I am trying to estimate probabilities of a rare event, say presence of mutated species in a couple of hundred different units of varying population. I need to calculate probabilities of mutation for all units. So if there is a unit with 1000 species where there are 4 mutated individuals, then my probability of presence of mutated species is 4/1000=1/250. But since my event is rare that most of the units would have probability zero. Which does tell me something (it's unlikely) - but really are these zeros equal or can I extract some additional information to distinguish between units?
Consider 2 units - A and B. In A there are 100000 species and no mutants, in B 1000 species and no mutants. My hunch is that in fact one can say that probability of mutation is less likely in A - after all there are more potential mutants there than in B.
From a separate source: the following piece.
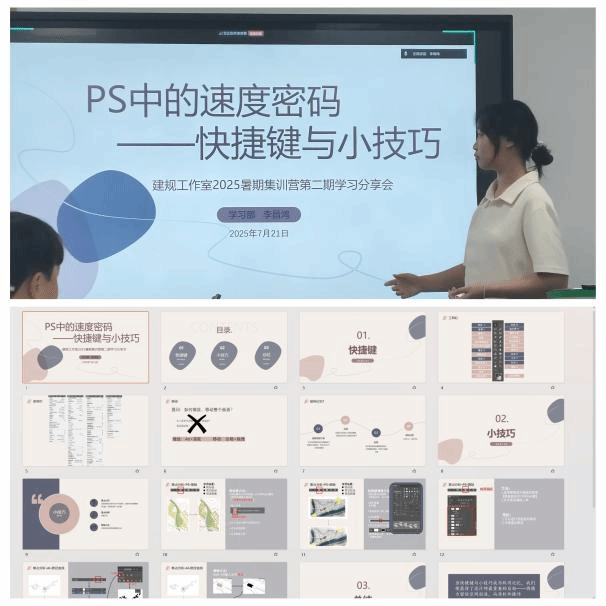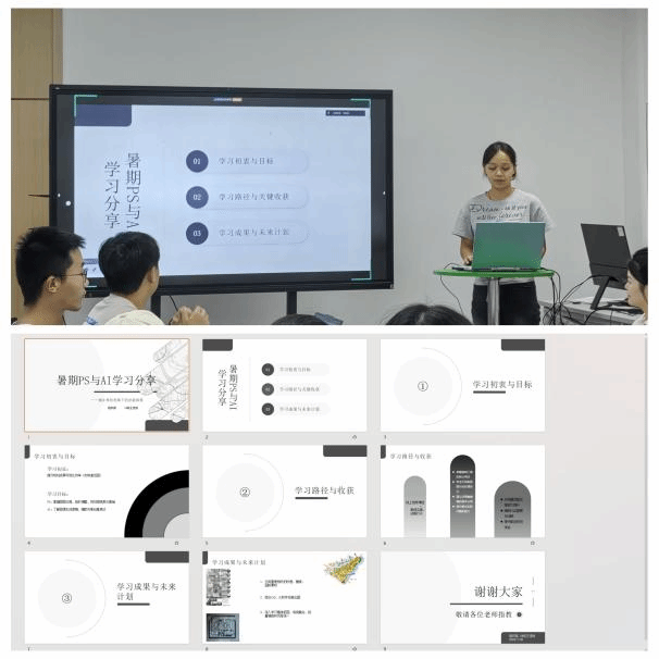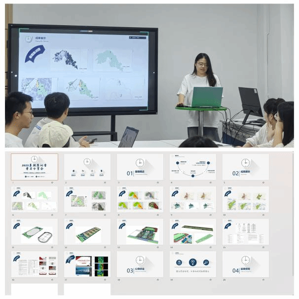 24级傅晨阳同学在分享了彩平图、交通流线分析图、区位分析图等核心表达技法,成功将复杂的空间关系转化为直观视觉语言的同时,通过PS、AI等软件的系统学习及对“城市肌理”等概念的深刻探讨,明确了假期个人提升与“数字校园”、“韧性城市”等项目的跟进计划,为未来实践打下坚实基础。

How to approach it? My idea is that maybe I could put boundaries somehow. Let's imagine that the next species present in the unit is a mutant. In A_1 we'd have 100001 species, one of which is a mutant and in B_1 we'd have 1001 species, one of which mutanted. So the new probabilities are
P(mutation in A_1)=1/100001
P(mutation in B_1)=1/1001
Is that a reasonable approach? So could I say that the probability is not larger than 1/100001 in A and not larger than 1/1001 in B? Let's take some arbitrary point, say half between zero and the upper boundary and say that out probabilities are 1/200002 and 1/2001 respectively. Or would it make sense to include some other measure?
This sounds like a problem that has been encountered many times before, I'd very much appreciate any hints!